TASK STATEMENT: Everything from the line holding "- Enforces content" to the last line of the material below must be retyped exactly, minus any pictures.

DATA EXTRACT:
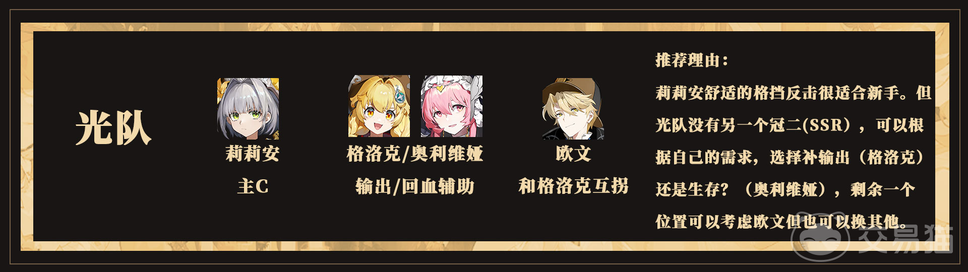 另一套值得尝试的阵容是以莉莉安为主输出,配合格洛克与欧文组成的光属性队伍。莉莉安具备格挡反击类被动技能,适合新手操作;格洛克则可承担补充输出职责,弥补莉莉安在持续输出方面的短板,使整体战斗节奏更加稳定。
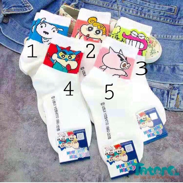 Tất hình Shinnosuke chất liệu sợi tổng hợp, co giãn thoải mái luôn. Tất nam nữ đều đi được....
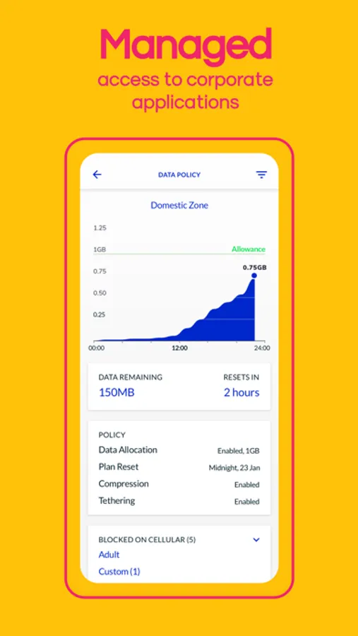- Enforces content filtering policies to comply with your company’s usage policy.
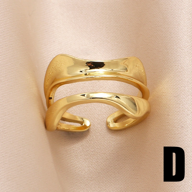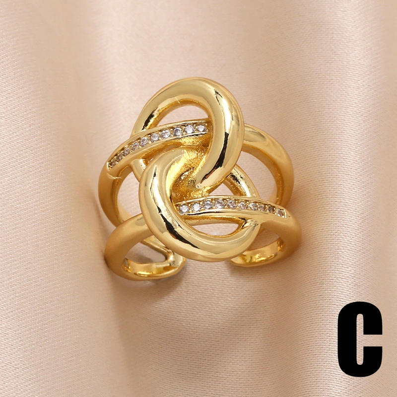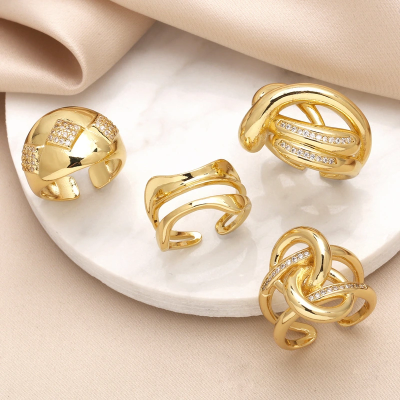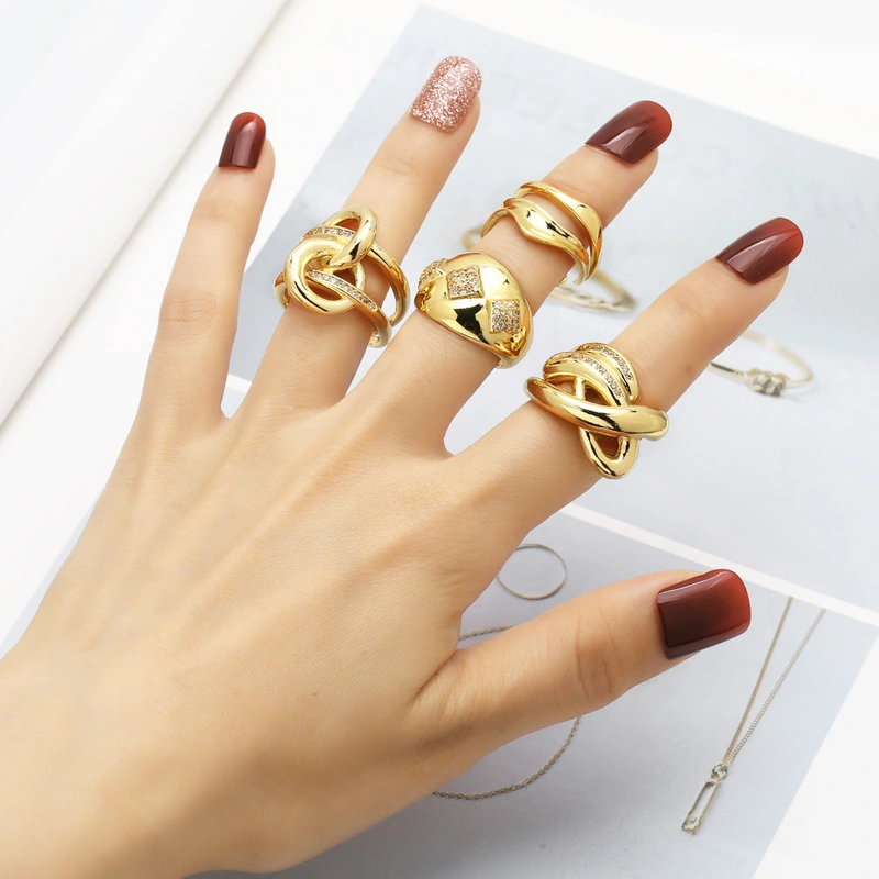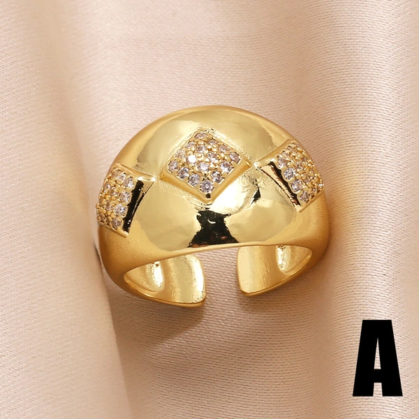خاتم مجوهرات هندسي ناعم للنساء مطلي بالنحاس من الذهب عيار 18 قيراطًا مرصع بالزركون rin91

ANSWER SPACE:
- Enforces content filtering policies to comply with your company’s usage policy.
خاتم مجوهرات هندسي ناعم للنساء مطلي بالنحاس من الذهب عيار 18 قيراطًا مرصع بالزركون rin91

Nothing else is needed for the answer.